Sunday, September 18, 2011


Sunsets! I love the light at the end of the day. I shoot nearly every night, but lately have not posted them here. Though beautiful, and symbolically rich, interesting sunset photography is a challenge. Here are the last three, and then I’ll get to other recent photos.

Thursday sunset over Sisters Rocks, Andrew D. Barron©9/15/11
Sunset at Gold Beach, Andrew D. Barron©9/16/11
Sunset at Nesika Beach dead end, Andrew D. Barron©9/17/11
Okay, stepping back again to Thursday clouds.
Thursday clouds, Andrew D. Barron©9/15/11
On this night, I turned the camera on me and sang a few songs. It has been some time since my last musical performances. Afterwards, I walked down the former highway alignment, up hill and behind locked gates.
Old highway 101 above Sisters Rocks, Andrew D. Barron©9/15/11
The songs were spontaneous and unrehearsed as usual. Watch me sing Bill Monroe’s Close By and Green Pastures (Going Up Home). Both songs are definitely in the hard-for-me-to-sing category.

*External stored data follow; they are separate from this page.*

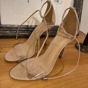 Schutz NWT Joseanna Open Toe High Heeled Sandal Leather Sole |Buckskin | Size 5B
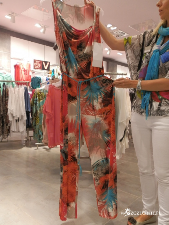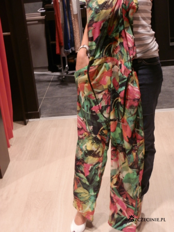 JACQUELINE RIU, PROMOD Przekombinowane? Niekoniecznie! Kombinezony są obecnie szalenie modne i mam wrażenie, że omijane przez nas wzrokiem… W tej cenie-warto zaryzykować i chociażby przymierzyć. Przy tak kwiecistych wzorach, pamiętajcie o umiarze w doborze dodatków. Wystarczy skromny but. Dopasowany kolorem sandałek lub pantofel, byleby w jednolitym kolorze. Polecam!
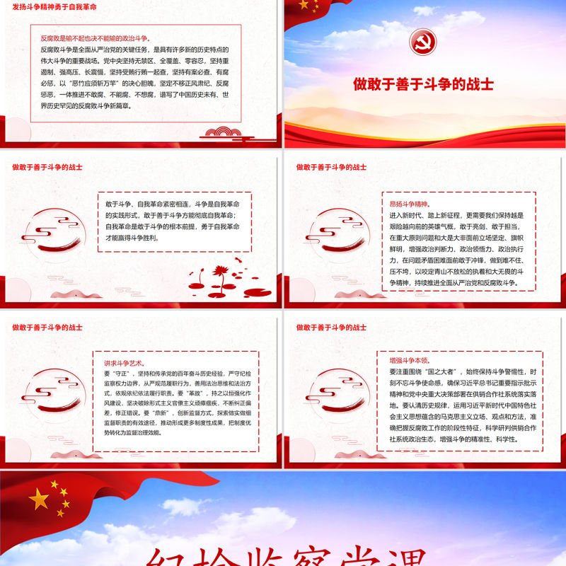 永葆斗爭精神 增強斗爭本領(lǐng) PPT 紅色 莊嚴 紀檢監(jiān)察機關(guān) 敢于斗爭 善于斗爭 專題黨課 Array
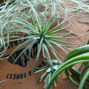 エアプランツを見よう見まねでコルクに着生させてみた。 左上はイオナンタ、中央がストリクタ。 下2つはチランジア表記だったけど、バルビシアーナとフンキアナじゃないかと思ってる。 全てダイソーで揃えました✨ 奥の浮いてるのはダイソーのメモスタンドを使ってるんだけど、いい感じで全部これ使いたい。
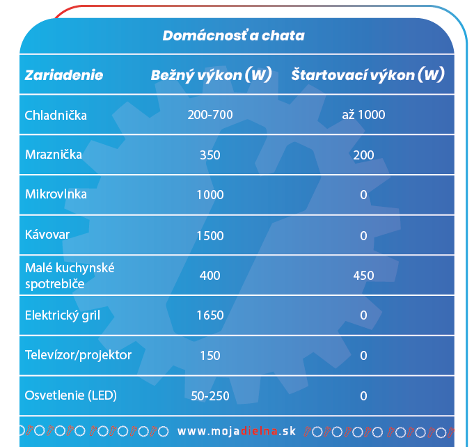 V tabuľke nájdete produkty a k ním výkon pri štartovaní a pri bežnom používaní:
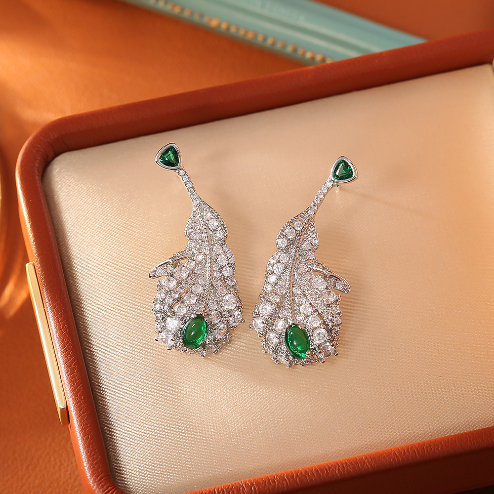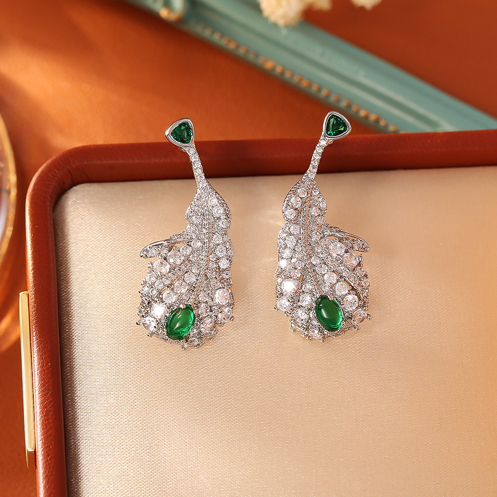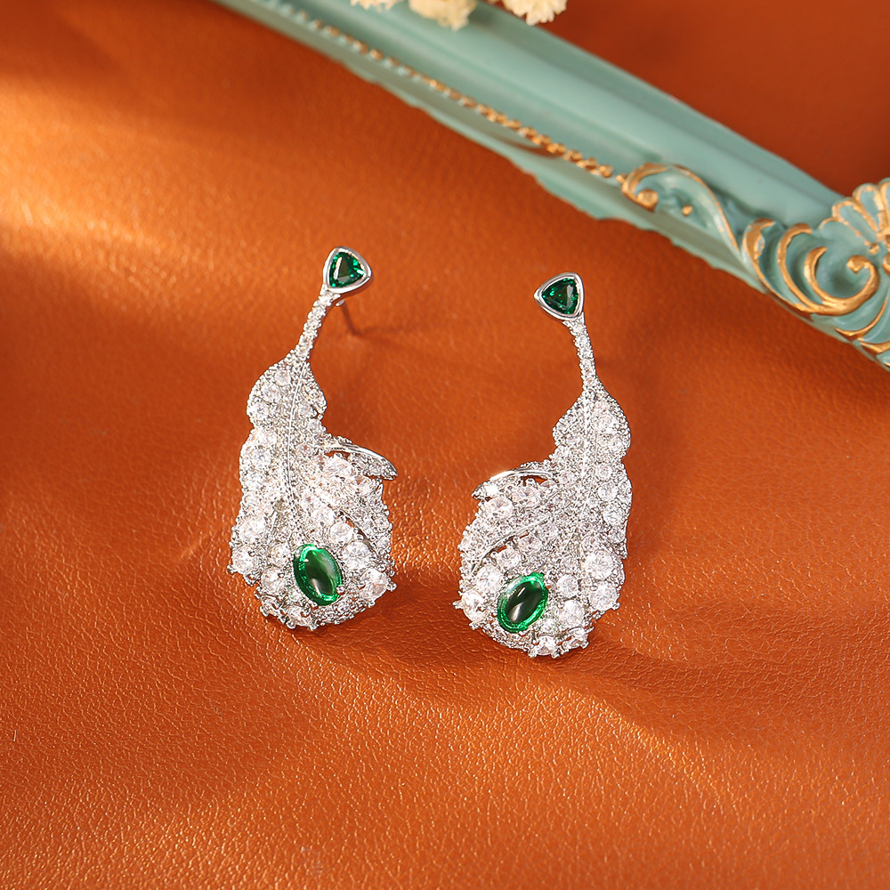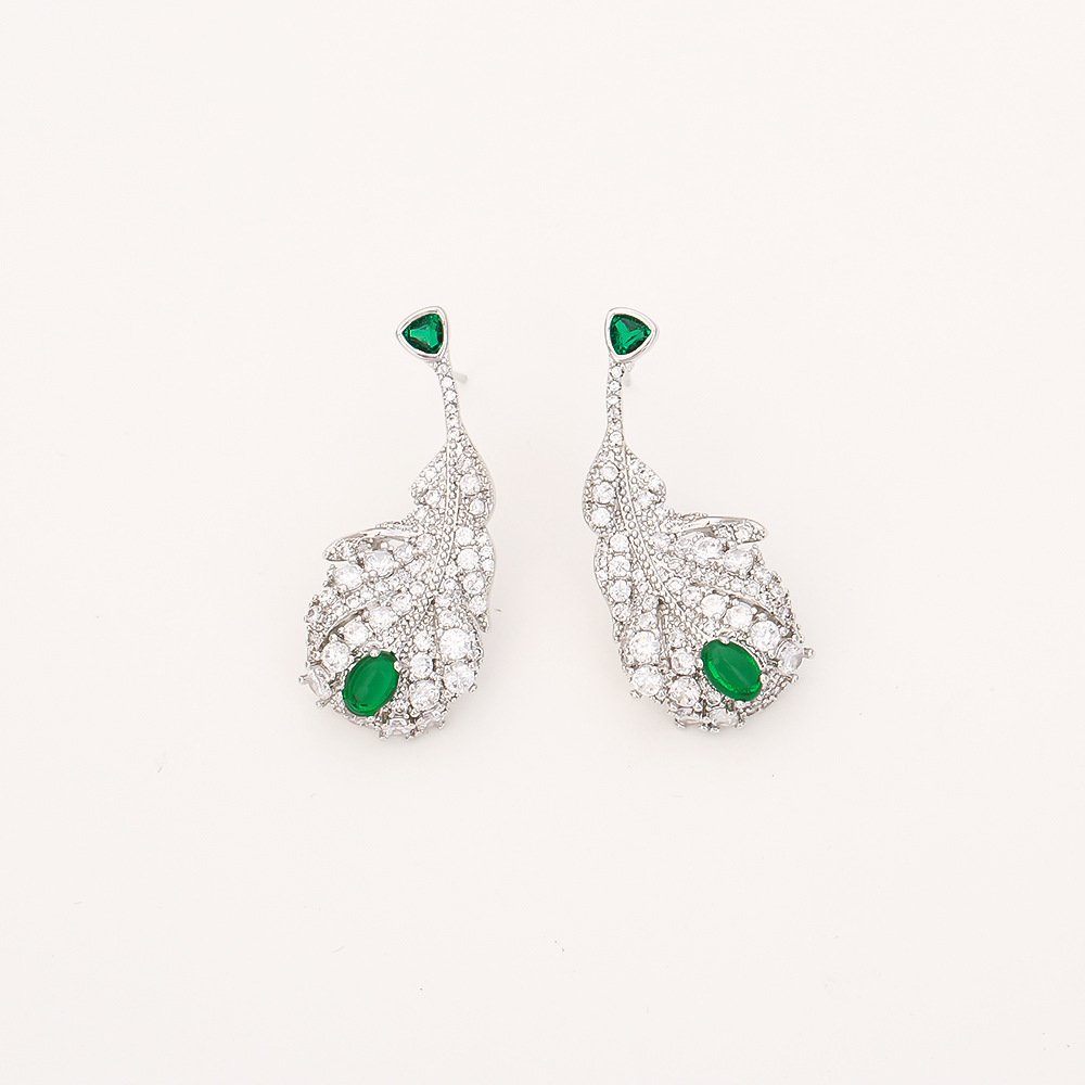 Boucles d'oreilles en laiton zircon cubique pavent, forme de plume, Placage, bijoux de mode & pavé de micro zircon & pour femme, argent, Vendu par paire
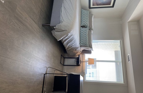 3 bed 3 full bath, bright spacious condo. 930 sqft. Modern Fully stocked kitchen.One underground parking space with visitors parking above. W/D,A/C. Sunny covered deck with Patio seating. Extremely clean and comfortable.
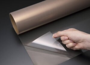 ふっ素樹脂(PFA)フィルムを基材とし、シリコーン系粘着剤を塗布した製品です。ふっ素樹脂の特性に加え、高い透明度を持ち合わせているため、切削クーラントや薬品等を使用する場所で、窓の汚れ防止など透明度が必要な用途におすすめです。
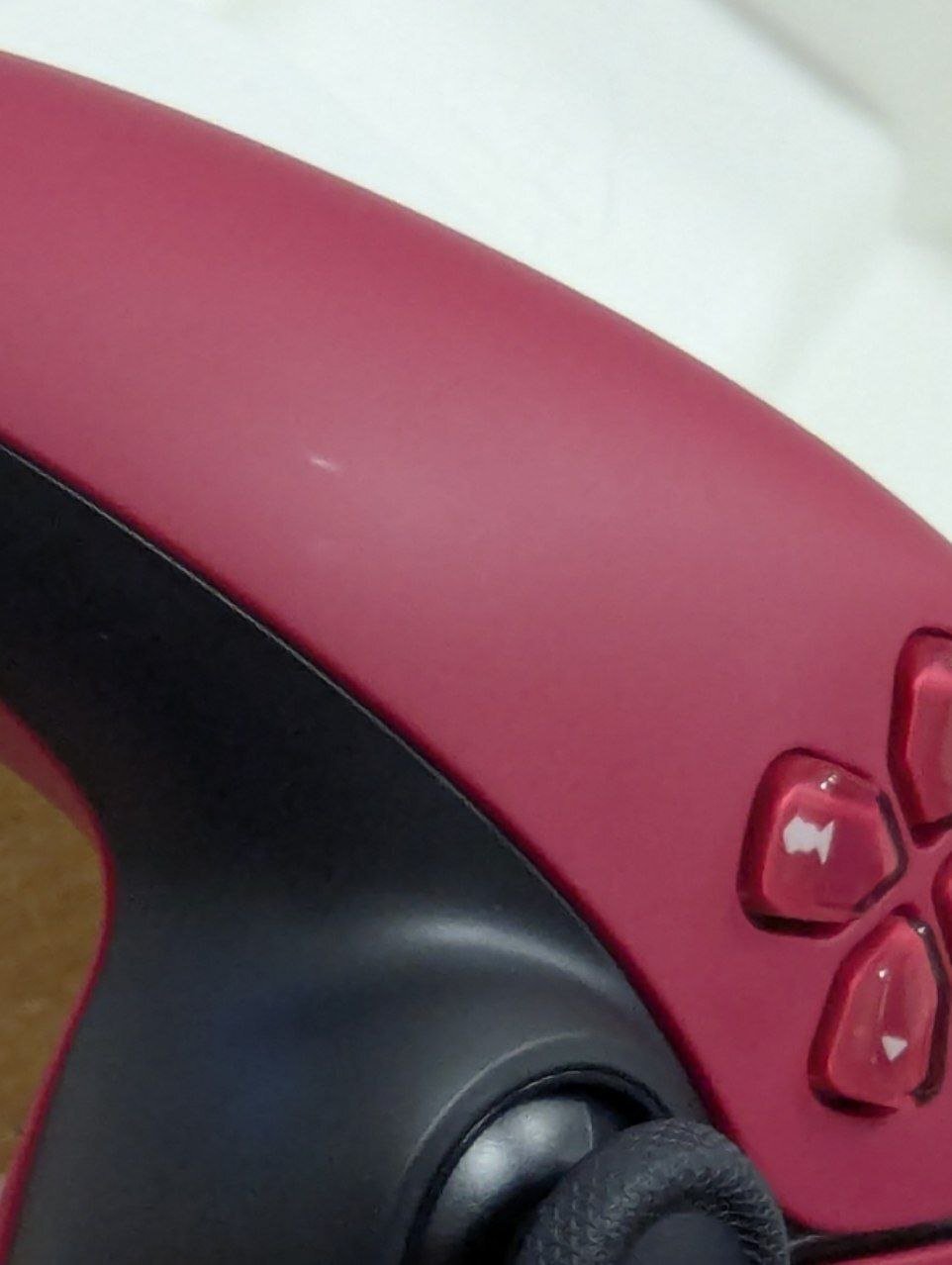 Крутий колір, вживу виглядає просто бомбезно, в залежності від того, як падає світло, колір видається то малиновим, то насичено червоним. Але якість зборки не дуже. Якщо конкретно, то є помітний люфт панелі тачпада (та, що по центру), просто проводячи по ній пальцем, відчувається, що вона сильно хитається, а при натисканні звучит характерний "хруст". Нічого подібного в DualSense, який йшов разом з консоллю, немає, тачпад там сидить майже "намертво", а при натисканні лунає глухий звук без будь-яких потріскувань. На функціонал це не впливає, всі кнопки працюють, як і повинні, але чисто естетично така якість розчаровує. Відео з демонстрацією "дефекта" у порівнянні з "комплектним" DualSense додаю.

While singing, I saw many exhale spouts of whales far out in the Pacific. In the past, I have seen three or four here or there, but on this night I saw about forty.

Onto Friday. I know: I find electricity, transformers, and powerlines very interesting.
Reflective patterns: transformer, Andrew D. Barron©9/16/11
On Friday morning, the power went out twice. Solar activity is also very interesting to me. The ACE satellite is positioned where gravity of Earth and Sun are equal, cited as about 1 million miles out. Here is the 6 hour data I saved to illustrate an observation:
ACE 6 hour data 9/16/11
There is a little bit of math I usually do. First, notice the two peaks of the solar wind speed on the right hand side. They are at 15 and 17, 440 and 460km/s respectively, so I will say 450km/s for this example. Thus, ACE receives these pulses of speedier solar wind at very close to 60 minutes before they hit Earth.[((1.6x10^6km ÷ 450km/s) ÷ 60s/min) = 59.6min] Next, I convert UTC time to PST (-8). The spikes were at about 15 and 17 (7 and 9), and took an hour to reach earth at 8 and 10a.m. This is when the power went off. Whatever the cause of flickering lights, it isn’t too good for sensitive electronics. One would have to likely need to know more about the direction of the solar wind stream. My quick math assumes a direct hit; but I did the exercise because the power went out. During a prolonged outage however, access to ACE data is obviously unavailable. I suspect the bump, or impulsivity is what tripped the power here. Alternately, it could have something to do with the angle, Phi, where it changed abruptly from 360 to 0.
Nature's forms and the forms of man, Andrew D. Barron©9/16/11
Saturday: Went to Port Orford this morning. I had my megazoom Sony for these shots:
Nature's forms and the forms of man, Andrew D. Barron©9/17/11
I wish the image quality was better:
Nature's forms and the forms of man, Andrew D. Barron©9/17/11
After weeks of very few persistent trails, today was different.
Jet, Andrew D. Barron©9/17/11
I picked up some brake pads at the parts store and couldn’t help myself, and picked up the beefy Marshall Gas Control propane hose for my camping set up. The tube is thick, and the copper ring clamps seem very sturdy. Below, the fittings are disassembled to show this makeshift hose for connecting a bulk tank to a camp stove.
Propane hose and fittings, Andrew D. Barron©9/17/11
Even the inner diameter of the hose is bigger; the Century hose on the bottom. This seems good to me.
Propane hose, Andrew D. Barron©9/17/11
With a 12mm and 17mm wrenches, I replaced the pads. It was a pretty quick job. Probably should turn or replace this rotor, too.
New brakes, Andrew D. Barron©9/17/11
It was sunny most of the day, with many whispy clouds. This sun halo caught my eye.
Full circle sun dog, Andrew D. Barron©9/17/11
Big ’ol lens on the H1, Saturday night.